Quotes I live by:

"Nothing in all the world is more dangerous than sincere ignorance and conscientious stupidity"~Rev. Dr. Martin Luther King

"Not to know is bad. Not to want to know is worse. Not to hope is unthinkable. Not to care is unforgivable"~Nigerian saying

"I don't want you to do it because you're weak, I want you to do it because you know I'm right"~Dabney Coleman as Mark Winslow in the film Modern Problems

Friday, August 21, 2009

Healthcare Reform: Letter to my U.S. Congressman -- Rep. Rick Boucher (D-VA)

I am writing on behalf of my family, to tell you of our struggles with the current healthcare system and why we are strong supporters of single-payer coverage for everyone, financed though taxes like Medicare. We believe healthcare should be treated not as a corporate commodity, but as a community necessity, like police and fire departments, transportation, and public schools, but with federal funding so that members of less affluent communities have the same access to care.

On your website you state a preference for a "co-op" instead of a public option, but that provision is needed for working-class people who are above income limits to qualify for Medcaid and still can't afford health insurance. My family is in that category, with my younger kids qualifying for Medicaid, but my oldest left with nothing after turning 19. She has several health issues, including a genetic condition inherited from me, that isn't disabling if monitored and managed, but needs daily prescription medication. After years without adequate treatment, my condition progressed until I am now on SSI with Medicaid, but I would rather have had access to care and not have become disabled in the first place. Ironically, that now qualifies me for healthcare which, if available when I was still relatively healthy, would've allowed me to now be productive and able to work, better able to take care of my kids, and would cost less to the govenrment for my medical treatment.

My husband works at least 40-50 hours a week, but has no coverage, relying on the free clinic with it's limited resources and services to treat his high-blood pressure and other health issues. His net income is only $1800/month for our family of four, and after bills, food, and gas to get to work, we're barely able to break even, much less pay for health insurance, even a "co-op." My adult daughter and her husband have a similar situation. He works full-time at a factory, also can't afford insurance, and she has a pronounced sensory/learning disability that makes it hard to find work. Plus any additional income, even from a fast food job, would put her over the free clinic's limit, and she'd have no health care or the medicine she needs.
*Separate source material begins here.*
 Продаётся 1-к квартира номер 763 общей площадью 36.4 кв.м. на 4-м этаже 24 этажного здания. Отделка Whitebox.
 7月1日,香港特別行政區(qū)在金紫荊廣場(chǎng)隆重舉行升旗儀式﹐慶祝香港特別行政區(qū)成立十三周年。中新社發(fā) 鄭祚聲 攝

The free clinic income ceiling is currently $18,941 for a family of two and $28,665 for four, so there are hoards of people who don't even have that option and still can't afford insurance. Free clinics also have limited services not even equivalent to a basic general practitioner, is not adequate for those with more than the most basic of needs, and does not cover emergency or in-patient services. That was my only resource when I broke my ankle and spent almost 2 weeks unable to walk before I could be treated, hoping it was just a bad sprain. My husband has been a valued employee at a small family-owned business for 13 years, and almost every year, his employer asks us to find out how much he can give in a small raise that won't knock us out of his free clinic eligibility, and the kids' and mine for Medicaid. It's usually not more than about $10/week, which no where near balances rising costs.
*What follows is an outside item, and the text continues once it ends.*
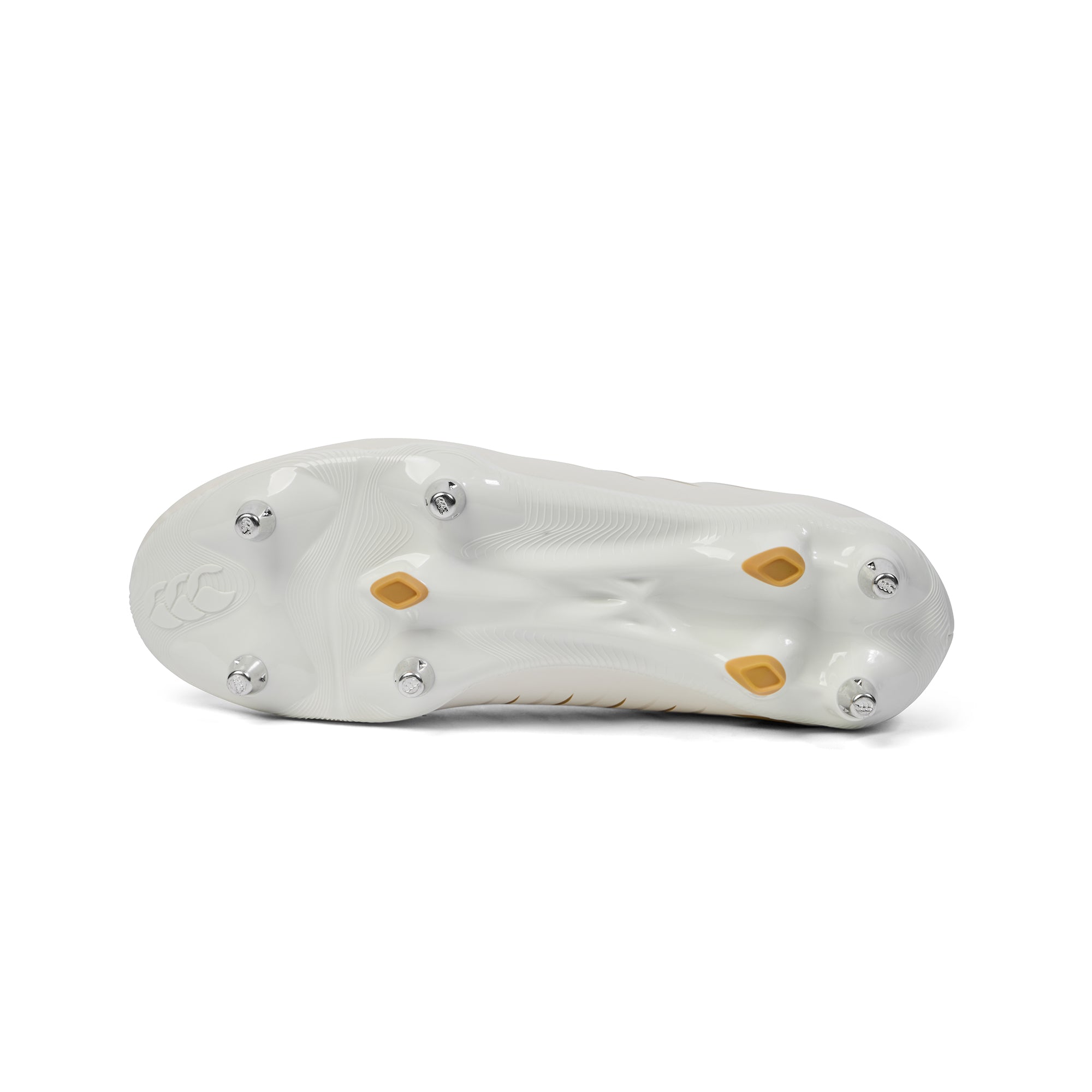 Rugby approved six metal studs combine with rhombus shaped moulded studs, for unrivalled traction.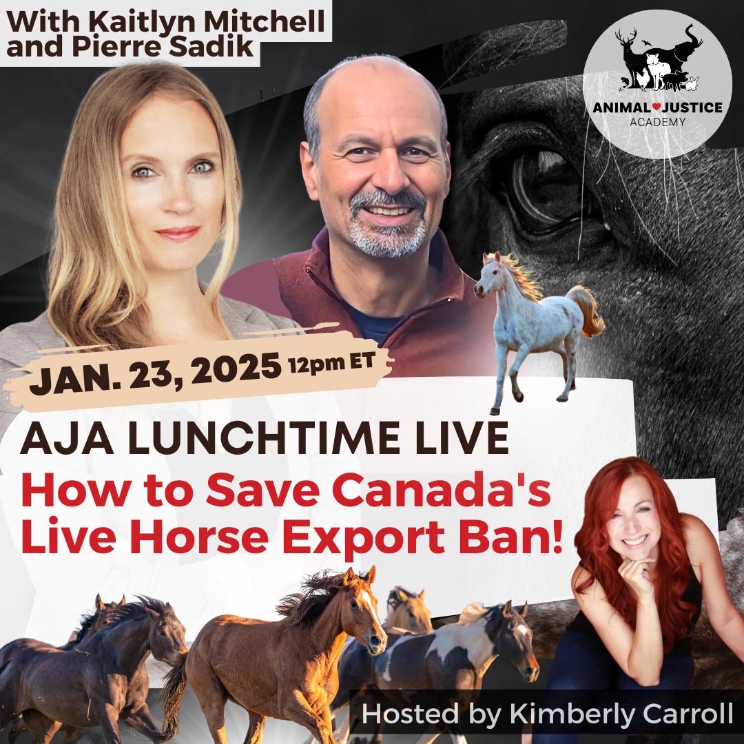 Join us for our AJA Lunchtime Live on Thursday, January 23 as Animal Justice's Director of Legal Advocacy Kaitlyn Mitchell and Government & Legislative Affairs Counsel Pierre Sadik get us prepared for this last-chance fight for the horses enduring live export.

My youngest child also has my genetic medical condition and needs to take medicine and have levels monitored frequently with blood tests. She has the same sensory/learning disability as my adult daughter, along with some developmental issues for which she has been in therapy since 18 months old. But though nothing is severe enough that she would qualify now as "totally disabled" for SSI, like my older daughter it will impact her advancement in education and her options for employment. There is no job my oldest could get that would offer health coverage or pay enough for her to afford it herself. I fear for both my girls that if there is no help for those of us who can't afford health insurance, they will wind up like me, permanantly and totally disabled and costing the government more than if I was still only mildly disabled and able to work and contribute through taxes.
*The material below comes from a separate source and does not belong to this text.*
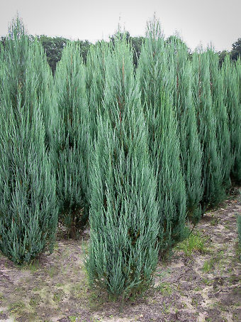 The privacy tree known as Juniper Wichita Blue is hardy is USDA hardiness zones 3 through 9, meaning in grows well throughout most of the United States. Juniper Wichita Blue is easily identified by its blue tones. Although this species can reach heights of 30 feet, the Juniper Wichita Blue is usually between 10 and 15 feet tall. The Juniper Wichita Blue is often used as a privacy screen or garden accent tree. If planting as a privacy tree, plant between 3 and 5 feet apart, as the eventual width of the Juniper Wichita Blue is between 4 and 6 feet.
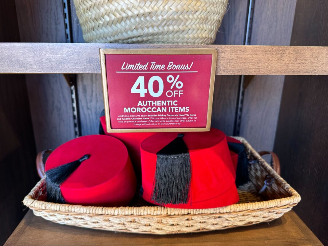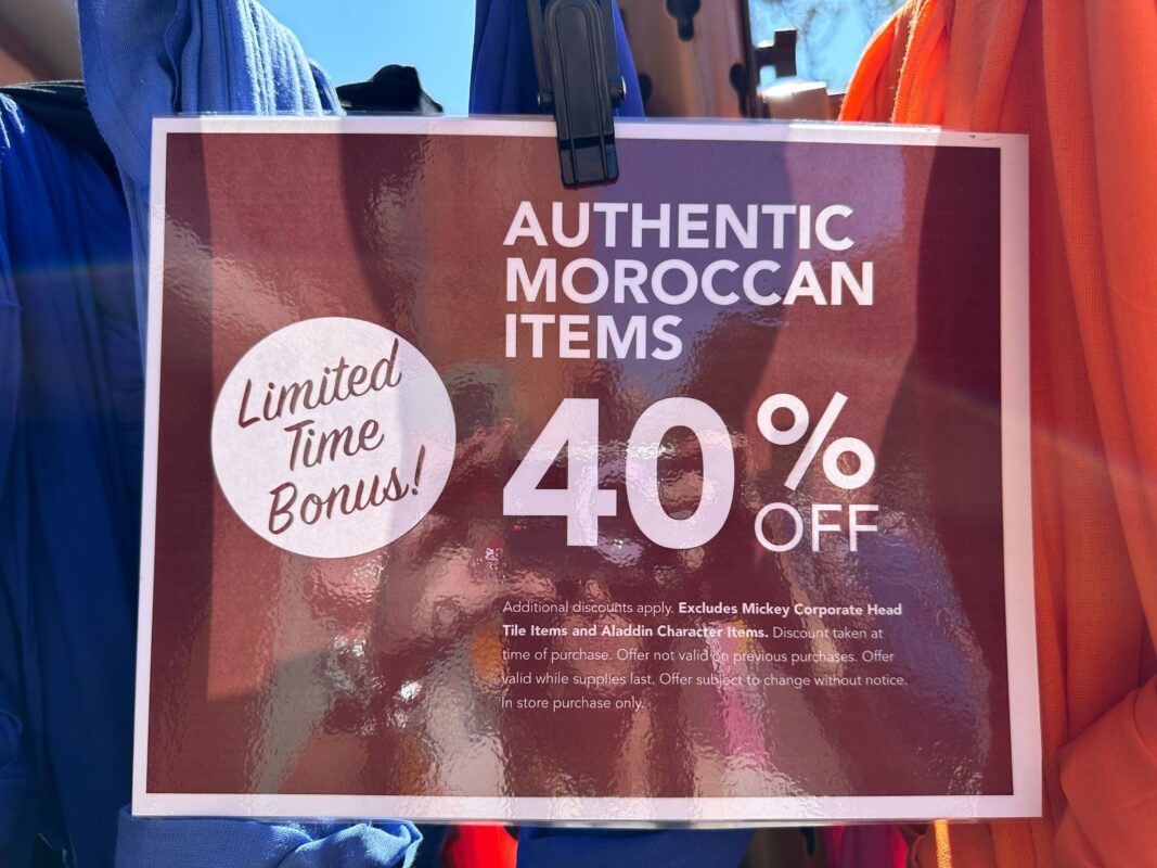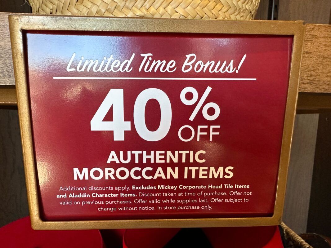 Signs for the sale are up at Souk-al-Magreb, the shop next to Spice Road Table. The sale does not include Mickey and “Aladdin” items also sold at the location. Additional discounts, like an Annual Passholder discount, also apply.

You mentioned Medicare's low reimbursement rates and their negative affects on providers in lower-income areas. The inclusion of younger and, on average, healthier people who are still working and could contribute to the program while needing less care will increase revenue, allowing reimbursement rates to be raised. We all know that hospitals inflate bills for everyone else to offset costs of treating others eligible for charity write-offs, filing for bankruptcy, or who just default on payment. This practice also affects current government-run medical programs. Recently, I had to go to the ER, drove myself, and had nothing besides a simple 5 minute EKG and a blood test. My condition had stabilized and my tests were OK, so they sent me home -- Medicaid was billed almost $2000. The same blood test is $60 at my doctor's office.

Taxpayers are already paying for the uninsured now, whether in extra costs billed to Medicaid/Medicare, or directly as increased insurance premiums. If everyone is covered, all will have access to care that can minimize, or even prevent future health problems, keeping our workforce larger and more productive. More people staying healthy and working means more tax revenue for all programs, as well as more money earned to circulate and strengthen the economy. The current system subsidizes private insurance companies that overcharge policyholders to cover 30% overhead and make a handful of executives multi-millionaires, and still denies treatment. Money paid for premiums would instead be better spent on a program for all, keeping millions more people healthy and contributing members of society. That can only be better for America.